Saudi Arabia cut most oil pricing for its customers in Asia and the U.S. as a resurgence in the coronavirus clouds the outlook for energy markets.

State producer Saudi Aramco decreased December pricing for shipments of Arab Light crude to Asia, its largest regional market, by 10 cents a barrel to a 50-cent discount to the benchmark.

Oil dropped around 10 per cent last week as European nations including Germany and France announced new lockdowns and daily virus cases hit a record in the U.S. While crude has since recovered most of those losses, the market continues to face headwinds, OPEC Secretary-General Mohammad Barkindo said.

The Organization of Petroleum Exporting Countries, led by Saudi Arabia, agreed with Russia and other producers in April to pump less oil to prop up the market. The supply cuts by the alliance, known as OPEC+, caused oil prices to rally, but benchmark Brent crude is still down 38 per cent this year at US$41 a barrel.

Brent will probably continue ranging between US$38 and US$43 a barrel, according to Ibrahim Al-Buainain, head of Aramco’s trading unit. That’s far below what most members of the cartel, including Saudi Arabia, need to balance their budgets.

Aramco cut prices for all U.S. grades by 20 cents and raised them by as much as US$1 for the northwest Europe and Mediterranean regions. The company shipped almost two-thirds of its oil exports last month to Asia or the U.S., tanker-tracking data compiled by Bloomberg show.

OPEC+ is considering keeping production at current levels into 2021 instead of easing the supply cuts at the start of January, as was originally planned. With Europe’s lockdowns and refinery profits dwindling, even Aramco’s Al-Buainain doubts the market needs more crude.

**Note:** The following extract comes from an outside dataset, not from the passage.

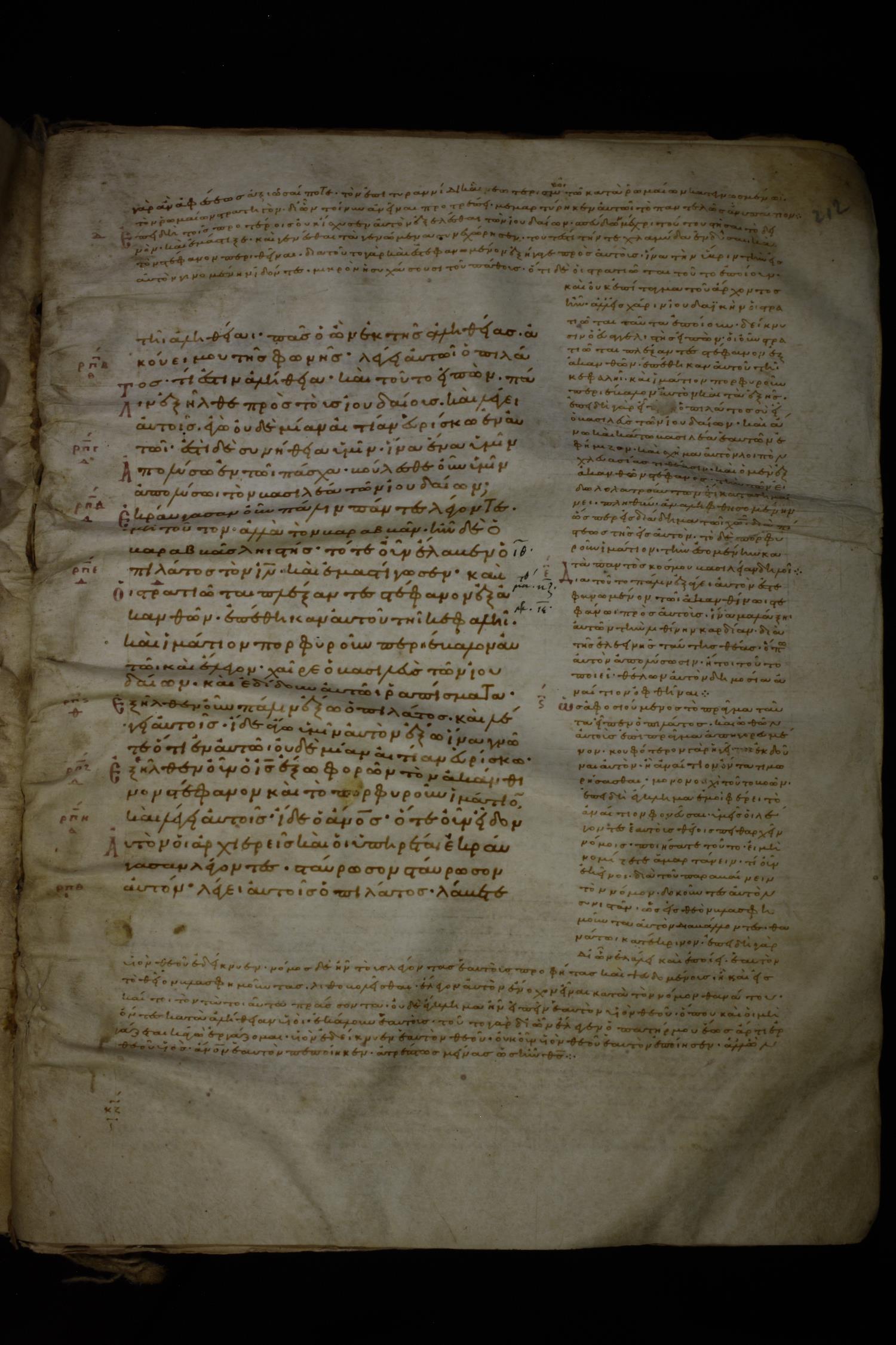 Tenth century manuscript of the Gospels with commentary on parchment; 215 leaves, single column, c. 17-26 lines per column.
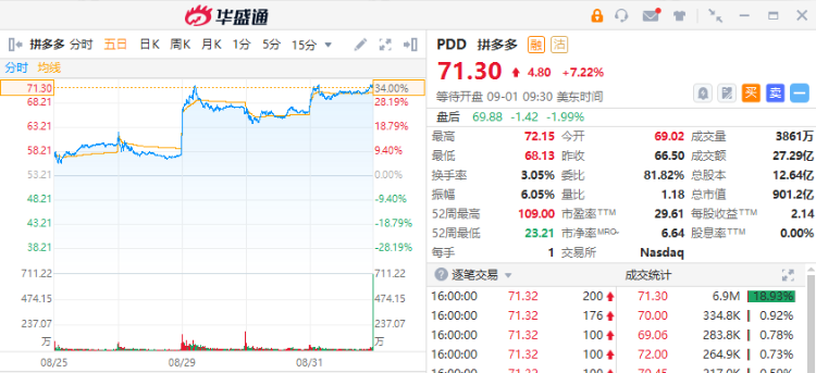- 中概股重磅利好落地叠加财报大超市场预期,拼多多近期反弹迅速。周一公布业绩当日,该股跳涨,收盘涨幅近15%,本周前三个交易日该股累涨23.85%,8月全月该股收涨45.48%,较其52周低点反弹约207%。

The producers’ group will meet on Nov. 30-Dec. 1 to review its output policy.

Profits from processing crude into refined fuels have tumbled as the virus crushes demand for energy and travel. Aramco on Tuesday reported a third-quarter loss in its downstream business, which includes refining.

Saudi Arabia’s pricing decision usually sets the tone for other Middle Eastern suppliers, including Iraq and the United Arab Emirates, the second- and third-largest producers in OPEC.